Peer review: Cliff Perry
Former railway chairman of IMechE
Railway infrastructure is a long term business and transport planning is essential for rail to achieve what it is good at in an integrated and modally agnostic strategy.
Even when all transport is powered by green electricity, rail will have significant advantages in terms of energy consumption (where cost will be a significant issue for many decades to come) and in its capacity to move large volumes between nodes. In terms of environmental advantage, it is not often understood that rail is improving faster than road, through electrification, regeneration and investment in clean diesels. In a densely populated island’s transport system, with significant congestion issues already, it is essential that the transport strategy plays to the strengths of rail and each mode, factoring in the Continental links required for both freight and passengers.
On the issue of long-term planning, it is important to understand that in terms of routes, capacity, and in some places even train control, we have a railway dominated by what was laid down over 150 years ago. Major changes (HS1, HS2, Thameslink, Crossrail) have a gestation period of over two decades, and a delivery timescale of one more. We recognise that such schemes are very significant in their local and economic impact, but they are marginal in terms of overall statistics and UK customer behaviour.
Three decades is the long-term horizon of the current scenarios in the Long Term Planning Process (LTPP), which I support as a process that needs further clarity, transparency and industry recognition. Nevertheless, the basic railway infrastructure 30 years from now will still be (for most people) exactly the railway we have now. We have to improve it to meet their aspirations. Last week I waited ten minutes for a Canadian freight train to pass, on which were loaded nearly 300 double-stacked containers - a superbly productive way of moving goods in the multimodal way the modern market is demanding, but totally incompatible with a mixed traffic infrastructure.
I have one point of apparent disagreement, and a couple of points that would have been in my personal letter.
My disagreement is that I believe we should de-politicise the transport planning process. Broad public acceptance of the role and level of investment in transport by each mode is necessary, as is the answer to the basic demand/capacity/price question that sets the parameters for the role of rail in a national transport strategy.

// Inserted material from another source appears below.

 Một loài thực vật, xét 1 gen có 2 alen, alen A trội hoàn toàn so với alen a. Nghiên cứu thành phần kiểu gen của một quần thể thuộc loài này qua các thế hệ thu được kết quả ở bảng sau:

However, the record of political decision-making in terms of the delivery of suitable transport is poor, particularly on a national strategic scale. Managing future scenarios that include changes in customer behaviour, technology, demographics, benefits, costs, and modal inter-dependency is a complex process and should be managed as such. It is much too important for the popular vote to intervene and to drive rail into sustaining roles for which it is poorly suited, such as low-density distribution tasks and rural railways. Democratisation would be expected to constrain infrastructure development, even in circumstances where it is essential to bulk movements of people and goods between nodes at the speed and flexibility demanded by the market.

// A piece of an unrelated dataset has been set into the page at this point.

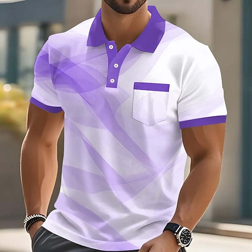Herren Geometrisch Poloshirts Kurzarm Polo-Shirts Hemden mit Kragen Business-Casual Outdoor Athleisure Alltagskleidung 3D-Druck Knöpfe Frühling Sommer Blau Rote Purpur

My view of the letter’s omissions can be summarised in two words: confidence and resilience.
Robust, modally integrated plans that have cross-party political support are part of the gestation process for railway schemes, and are vital for industry confidence. The supply industry has been burnt many times by feast and famine, abortive investment in abandoned visions, or being asked to do instantly something that has not been done in Europe for 30 years. (for example, main line electrification of an existing busy route). We need long-term vision, (50 years), medium-term scenarios (20 years), but complete confidence in the five to ten-year planning horizon. Confidence is the key factor that drives the private sector investment essential for efficient delivery in both plant and skills. Major short term revisions drive scepticism and direct investment into other avenues.
A resilient railway infrastructure is key to service reliability and meeting the customer expectations. Much of what we have been bequeathed by our Victorian forebears was wonderfully future-proofed, but now clearly deficient in terms of technical reliability, capacity, loading gauge constraints, the increasing frequency of extreme weather events, and the maintenance challenge.
The improvement task has to be properly recognised and built into maintenance and refurbishment planning, as well as major schemes to segregate traffics, liberate railfreight from passenger railway constraints, and provide diversionary routes.
We have a great railway with a great future. Great thinking is needed to maintain its contribution to national life.